Thursday, November 14, 2013

"Pieces" by Meredith Andrews



Loving this song!  It's just what I needed to hear tonight - I hope it makes your evening/morning/whatever a little brighter, too. 


"Pieces"


Love,
-Bess-

Tuesday, November 5, 2013

Precious Time {On My Birthday}

It's Your Birthday!


It’s that day when I turn one year older… 
 You know, life is unpredictable & we don’t know when our last day on earth will be. I attended a funeral visitation tonight, & even though it was for an older gentleman, his passing was very sudden with little to no warning. He had attended church on Sunday morning & given me a hug – nothing appeared wrong or out of the ordinary – the next day he was gone. We do not have an unlimited time bank on this planet. We need to say, “I love you” & “I forgive you” now while we have the chance. We need to spend time with what matters: people & people’s relationship with their Creator.
Carpe Diem


I have to say it was hard going to the funeral home because of my own father’s passing & because I had loved this man. I shed some tears. I truly didn’t want to be teary-eyed & sniffling in front of all the people there, but you know what? It’s all right to let it out. I was leaking out tears for something that mattered – a loved one that will not be with us again this side of heaven & for a tear stained faced wife left behind who is hurting. After I got home this verse came to mind {thank You, Jesus} “…Weep with those who weep.” –Romans 12:15. Lessons learned: time is precious & it’s okay {& biblical} to show honest emotions. Not exactly what I would have planned for my birthday, but it’s definitely put things into perspective.

Love,
-Bess-

Monday, November 4, 2013

Song Love {November}


"Holding On" by Jamie Grace - Sometimes all you can do is hold on to what you know... Jesus is with you.


"Let Me Rediscover You" by Downhere - Stirring words that make me want to dive into the deep.

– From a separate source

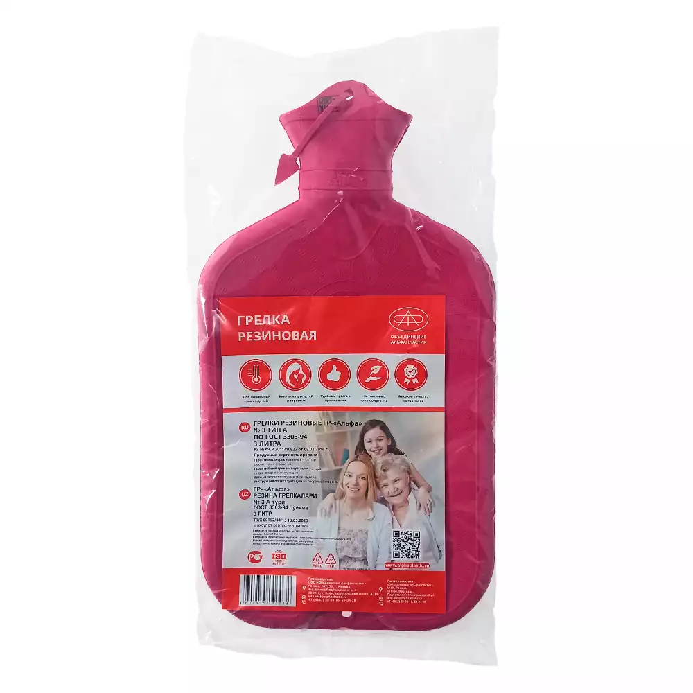 Грелка резиновая А-3, объем 3л, многоразовая, Объединение Альфапластик (РОССИЯ)

"What Are You Afraid Of?" by Kerrie Roberts - Yep, I struggle with fear - so I love what these lyrics have to say.


Musical Love,
-Bess-

Saturday, November 2, 2013

Nov. 1st Rambles {Posted on the 2nd} {Sheesh!}

November Rambles

November has snuck upon me once again.  On the 5th I'm gonna be older than the hills - at least that's how it feels {no offense to any that are currently that age or older}... it's just how it feels to me, & I'm rambling now, aren't I?  Sorry, friends, it must be that old age thing coming on.  But in all sincerity {I think I just unintentionally quoted a bit of a Jamie Grace song - no copyright infringement intended} - Where was I?  Oh yes, in all sincerity, my age isn't all that old at all - & I can't help but wonder if it would feel quite as old if I was married & burping babies right now.  When society {i.e.: people/TV/church folk/the world/random strangers/family/music/etc.} deem it the "thing" to do... & I start to believe it & thus feel abnormal/left behind {minus Kirk Cameron}/etc... that the normal progression of events is to be married soon after college {if not during} & starting a family soon after...  Where was I, again?  

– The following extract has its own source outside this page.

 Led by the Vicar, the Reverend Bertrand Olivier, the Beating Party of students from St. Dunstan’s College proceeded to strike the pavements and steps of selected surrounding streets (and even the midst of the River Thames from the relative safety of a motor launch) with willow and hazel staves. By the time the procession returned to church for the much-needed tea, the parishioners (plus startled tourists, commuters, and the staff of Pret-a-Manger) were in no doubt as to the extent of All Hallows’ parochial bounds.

Anyhow, I think my light bulb moment paralleled the instance where I asked myself {cause I talk to myself quite a lot, in general}, "Who cares what this world thinks?  Isn't God in charge & taking care of all that?"  The answers can be freeing... especially to the latter pondering.  But, yet, people will try to yank my chain & obliterate {don't think I've ever used that word on here before} my light.  I just gotta remember to guard that switch & when it's compromised {cause, hey, it's pretty much a certainty that it will (multiple times, I might add (sadly))}to reach up in the darkness, feel for the cord, & turn it back on.  I know I've rambled & fallen through some rabbit holes like Alice, but whatever you're going through that's just plain ugly tough, remember to ask yourself (like I did), "Isn't God in charge & taking care of that?"  The answer is yes, even in the dark, sister.